McLaughlin grew up in New York State and began his professional career at a later stage than most other drivers, competing in his first race at the age of twenty in a dirt modified he built. He then ran regularly at his home track, Maple Grove Speedway, before moving up into the DIRT Modified series.

McLaughlin lived a few blocks from Maple Grove Speedway and built his first car in the garage at home. According to his mother, he drove the car to the track on his first night of racing.

== Move to NASCAR ==
In 1984, McLaughlin made his Busch Series debut at the Mello Yello 300 at Charlotte Motor Speedway, driving the No. 73 Pontiac home to a fourteenth place finish. He ran one more race that season, the October Charlotte race. Unfortunately, mechanical problems ended his day early. He raced twice more the next season, posting an eleventh place run.

McLaughlin then advanced into the NASCAR Modified ranks for Sherwood Racing, owned by Bill Corazzo and run by Clyde McLeod. His crew included Corazzo's nephews, Paul Corazzo Jr., who would go onto his own racing career in both open wheeled formula cars and Sprint car winning championships in both many times, Greg Zipadelli, who would later win Sprint Cup titles as crew chief, and Greg's younger brother Scott Zipadelli, who is also now a top level NASCAR crew chief.

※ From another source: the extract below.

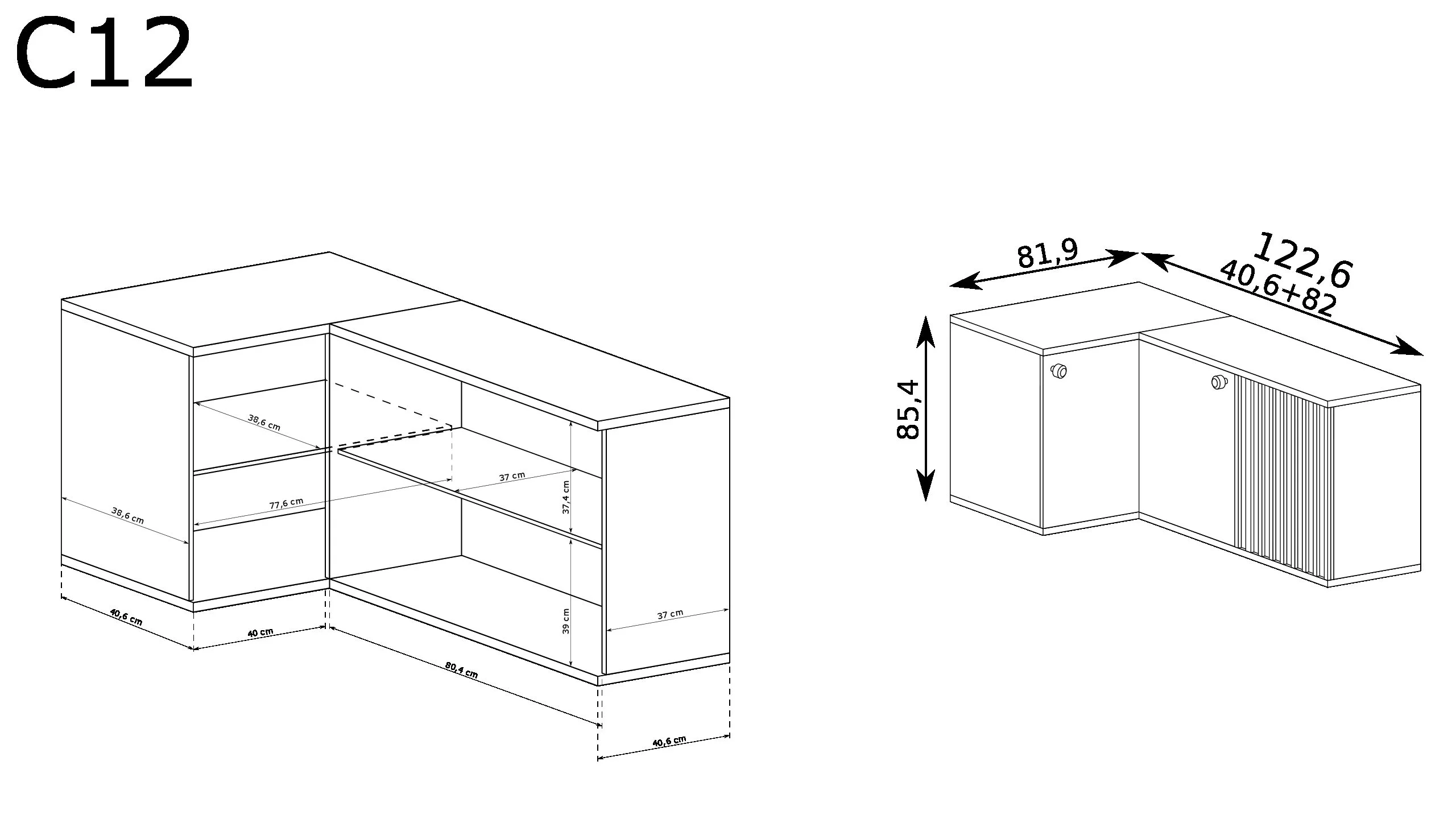Když začínáte s nákupem nábytku do obývacího pokoje nebo ložnice, často nevíte, jak využít prostor v rohu. Rohové komody jsou perfektním řešením; nemusíte se starat o umístění rostliny, lampy nebo křesla do rohu. Tento typ šatní skříně je praktickým řešením. Nic nemusí ležet ležet bez povšimnutí; všechno má své místo. Komoda s módními lamelami na jedněch z dvířek je nezbytným kusem nábytku ve vaší domácnosti. Uvnitř má komoda dvě police a můžete ji umístit na kovové nohy, které doplní interiér v industriálním stylu.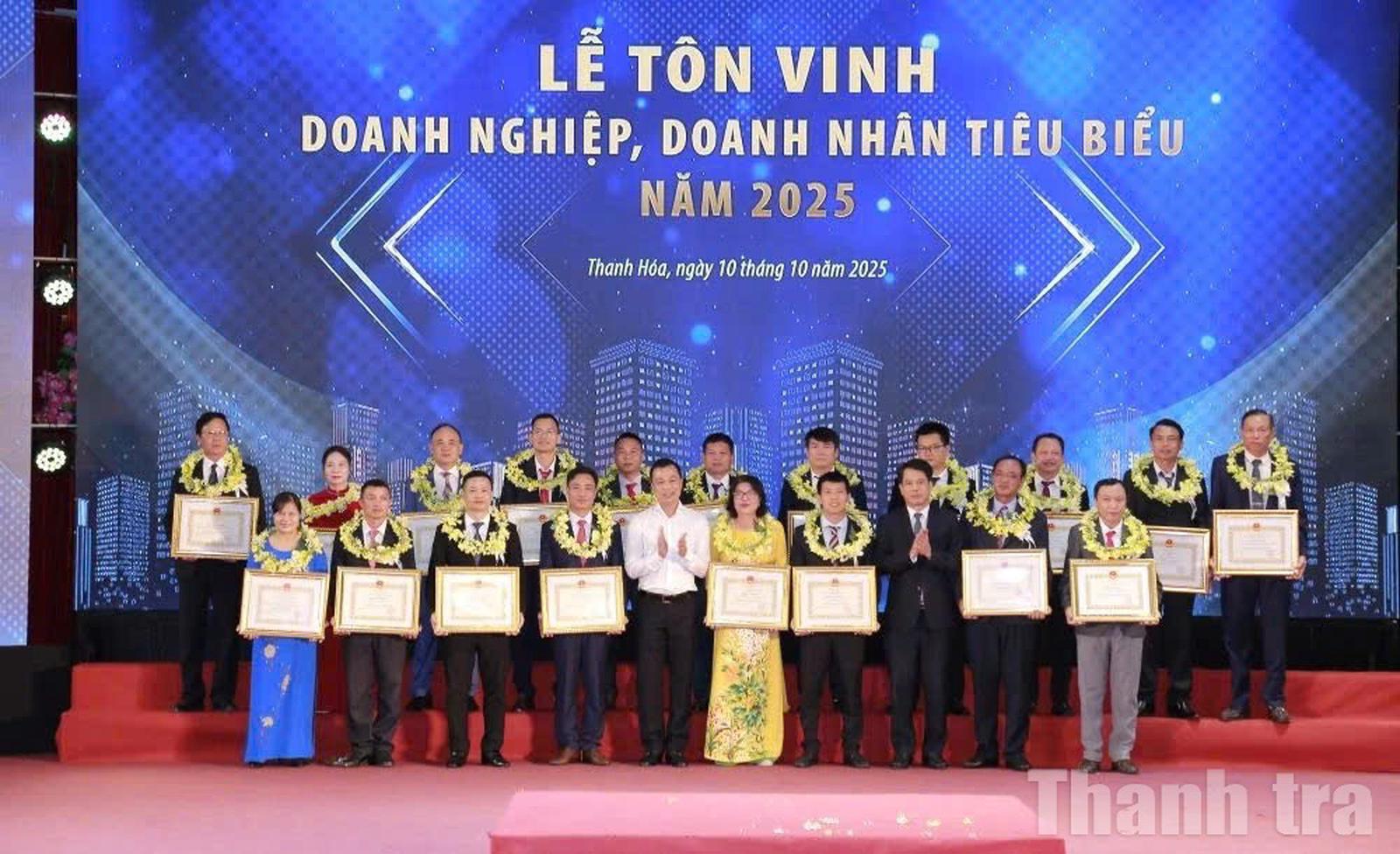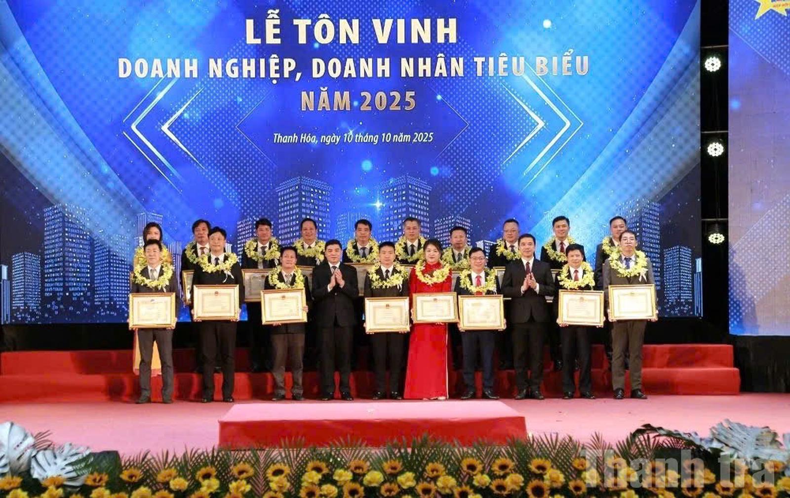Phó Bí thư Thường trực Tỉnh ủy Thanh Hóa và Chủ tịch UBND tỉnh Thanh Hóa tặng Bằng khen cho doanh nghiệp có thành tích xuất sắc trong năm 2024. Ảnh: Văn Thanh

McLaughlin won the 1988 championship in the Winston Modified Tour, now known as the Whelen Modified Tour. He has sixteen career wins in the modified series.

McLaughlin also drove for Harry and Mike Greci in the Busch North Series, finishing third in points in 1993. McLaughlin became the first driver ever to win both ends of the Modified/Busch North doubleheader at New Hampshire Motor Speedway.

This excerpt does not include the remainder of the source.